Am 11. September begann auch eine neue Form des Terrors, bei der die Macht der Bilder eine mindestens ebenso große Rolle spielte wie die Zahl der Toten. Osama bin Ladens Propagandabotschaft: Es reicht aus, vier Flugzeuge abstürzen zu lassen, um eine Weltmacht ins Wanken zu bringen. In zahllosen Videos inszenierte er sich als der kommende Scheich der muslimischen Revolution, der die Rechtgläubigen gegen die Kreuzritter ins Feld führte.

Doch bin Laden war nicht das wahre Gesicht des Islams. Das zeigt sich erst jetzt in Tunesien, Ägypten und Libyen. Auch in Arabien sehnen sich die Menschen wie überall auf der Welt nach Freiheit und Wohlstand und eben nicht nach einem engstirnigen Gottesstaat.

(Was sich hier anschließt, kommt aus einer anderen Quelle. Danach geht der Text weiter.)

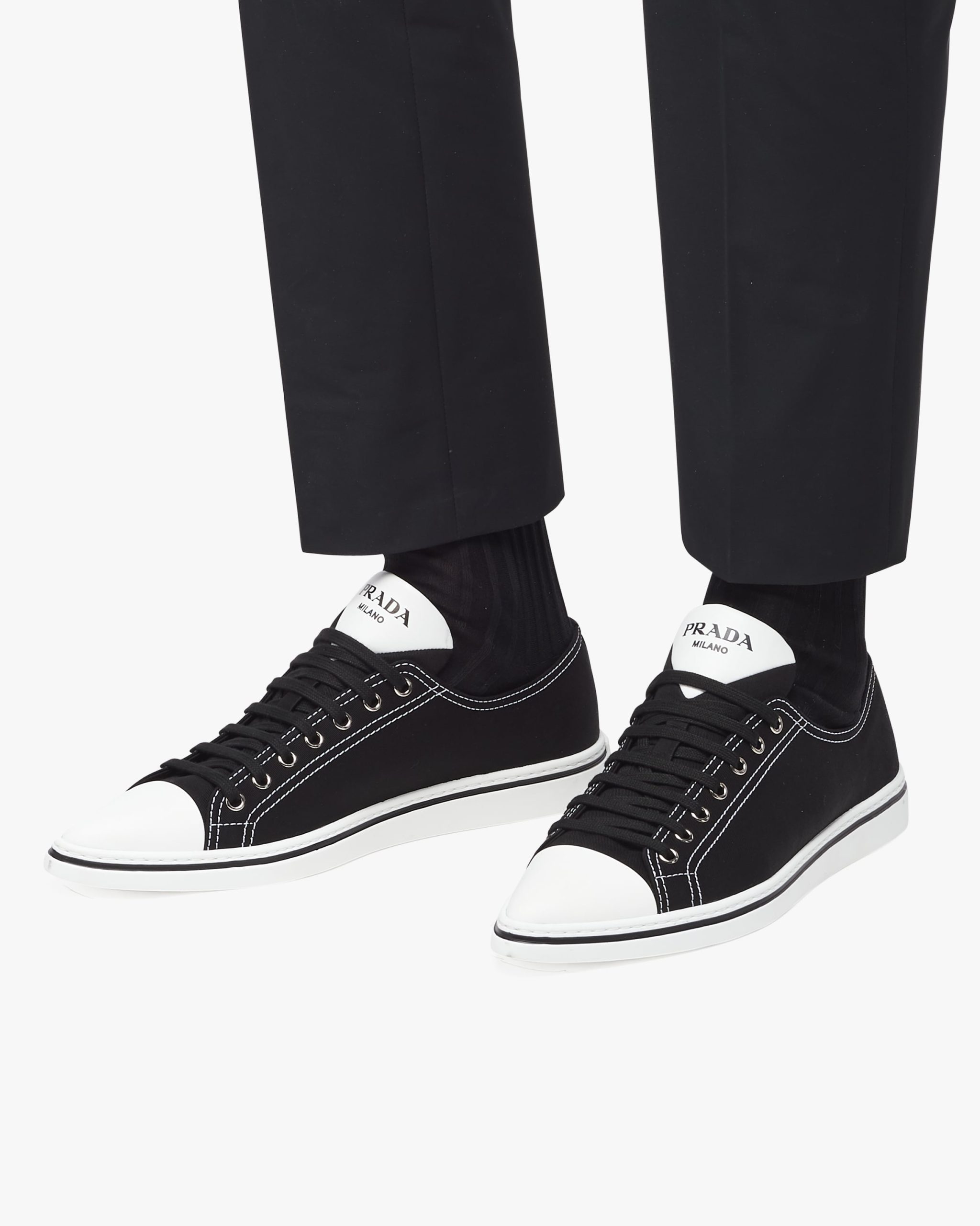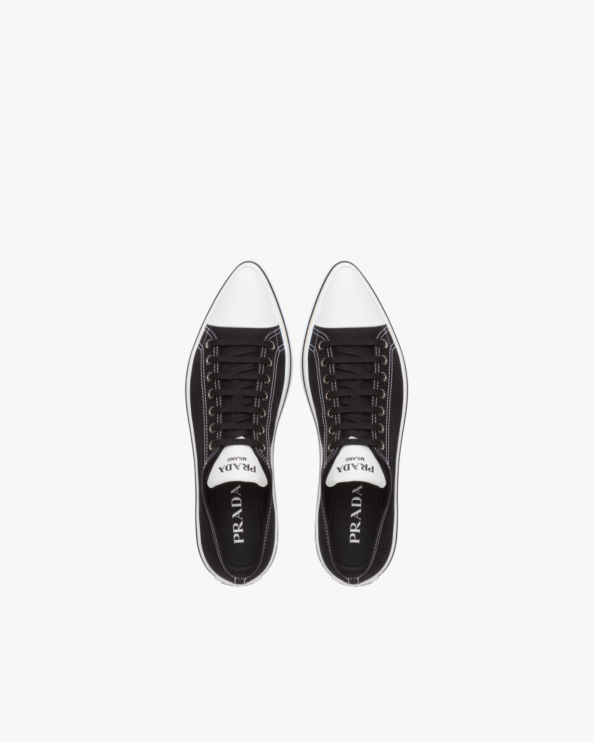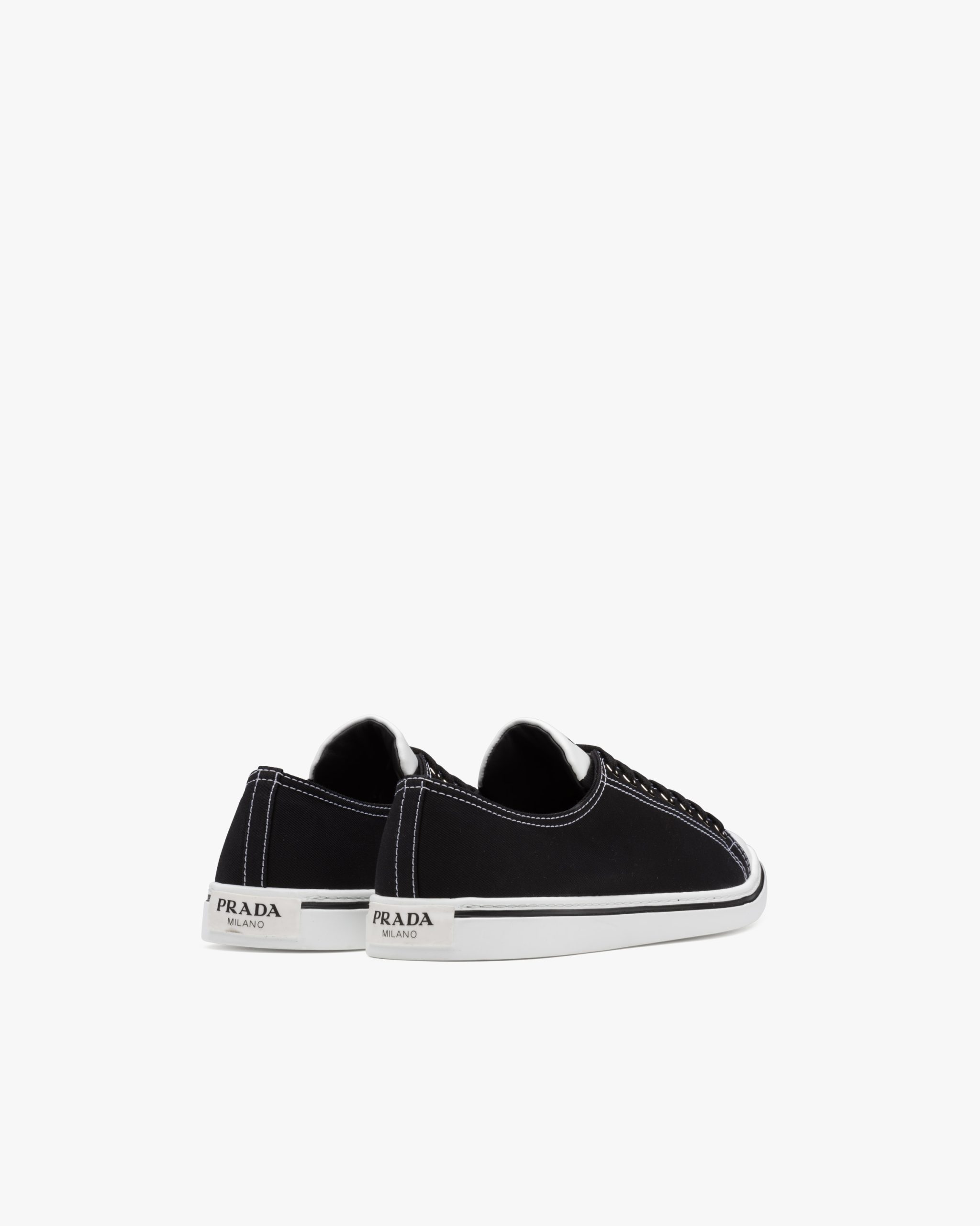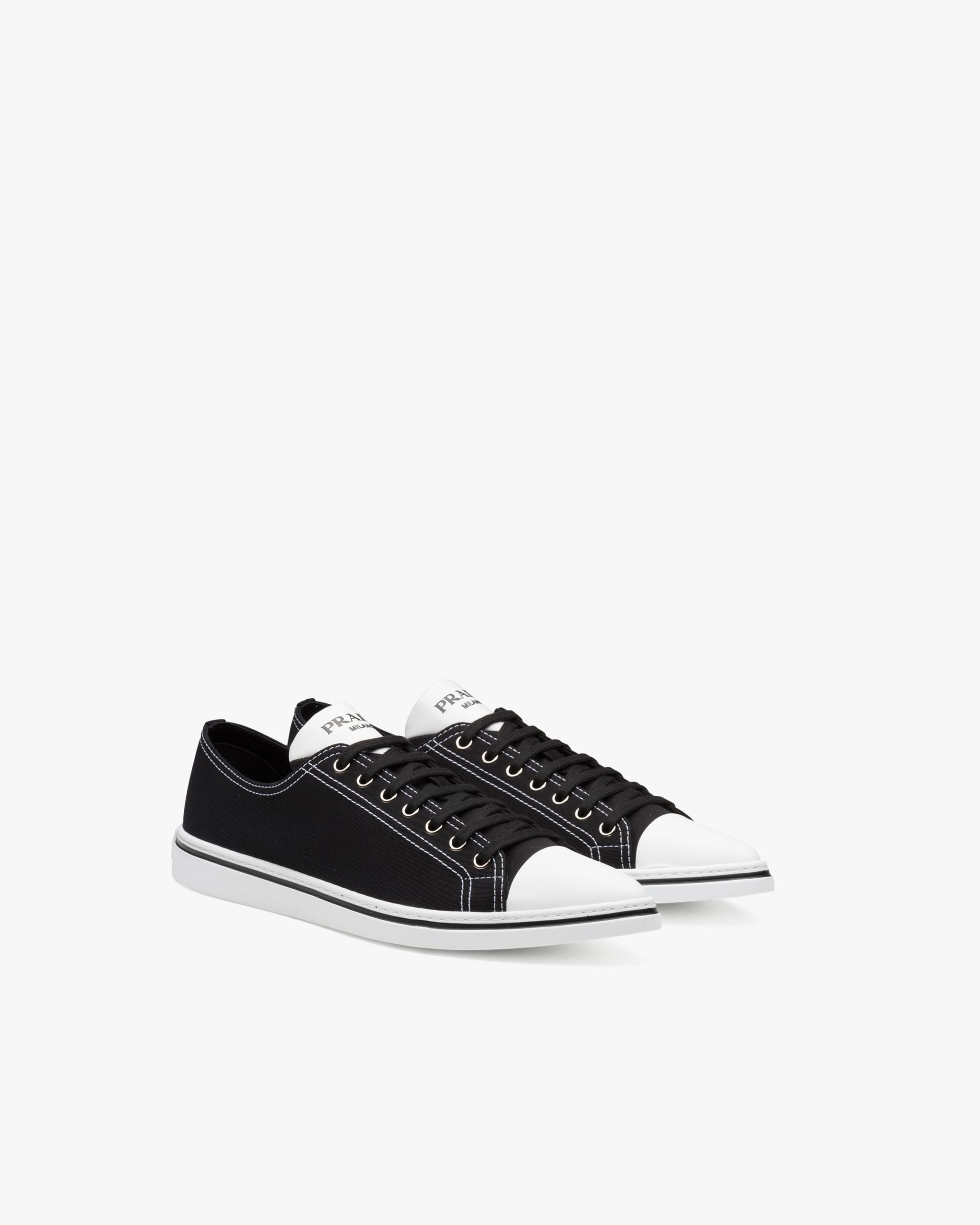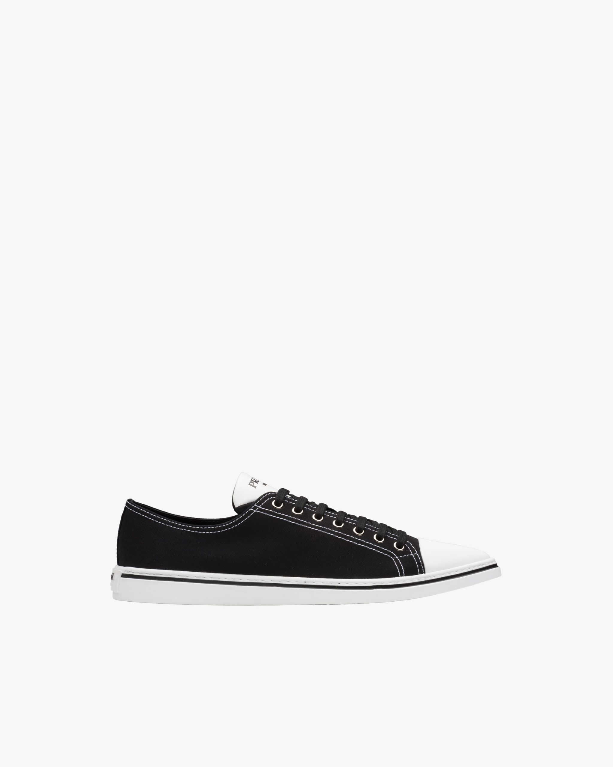 The classic sneaker is re-imagined in this cotton gabardine version with rubber toecap and tapered silhouette, decorated with the Prada logo2 on the tongue.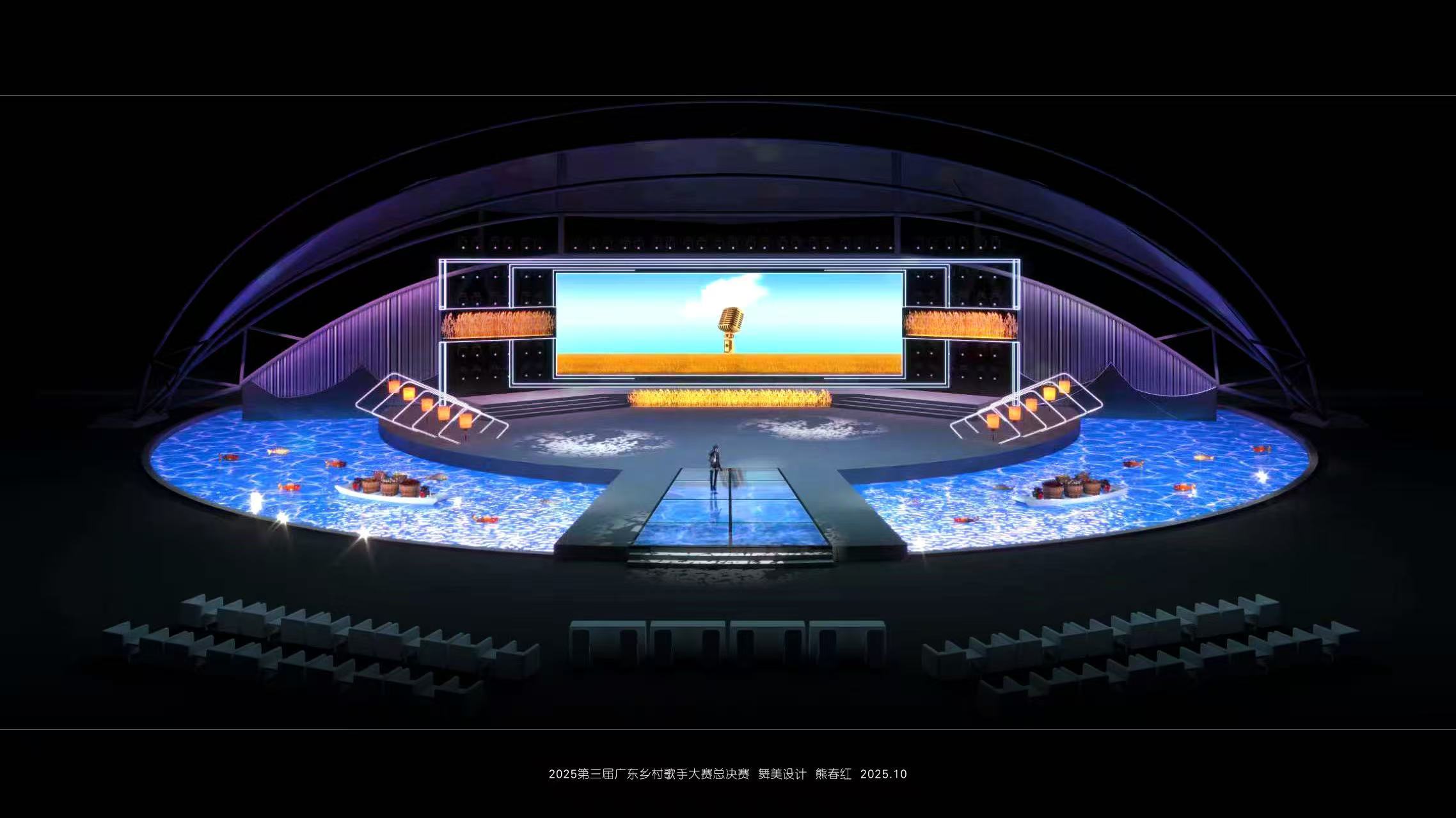 值得一提的是,本次总决赛舞台设在广州增长广场地标永久舞台,以“大地之歌·丰收舞台”为主题,将乡村美景直接搬上了舞台。整体设计融合了现代科技与传统元素,打造出一个池水环绕、层次丰富的表演空间。

So ist die aktuelle Rebellion gegen Diktatoren und Hassprediger der wichtigste Sieg im Kampf gegen den Terror. Bin Laden ist für seine Taten zur Rechenschaft gezogen worden. Wenn es aber um Gerechtigkeit für Staaten und Völker geht, wird diese nicht mit Waffen herbeigeführt werden, sondern nur durch die Kraft der besseren Argumente und Ideen für ein friedliches Zusammenleben.

Johannes Rau hat Recht behalten

Der verstorbene Bundespräsident Johannes Rau hatte schon drei Tage nach dem Anschlag in einer großen, unzeitgemäßen Rede gemahnt: „Hass darf uns nicht zum Hass verführen. Hass blendet.“

Er hat Recht behalten.

Das Gedenken an diesem Wochenende rückt oft den Ablauf der Tat in den Mittelpunkt. Damit erweist man den Terroristen zu viel Aufmerksamkeit. Sie waren Mörder, nichts sonst.


Zehn Jahre nach dem 11. September bleiben mir ganz andere Menschen als bin Laden oder seine Schergen in Erinnerung: Es sind die Feuerwehrleute, die in die brennenden Doppeltürme stürmten. Hinauf, in das Feuer.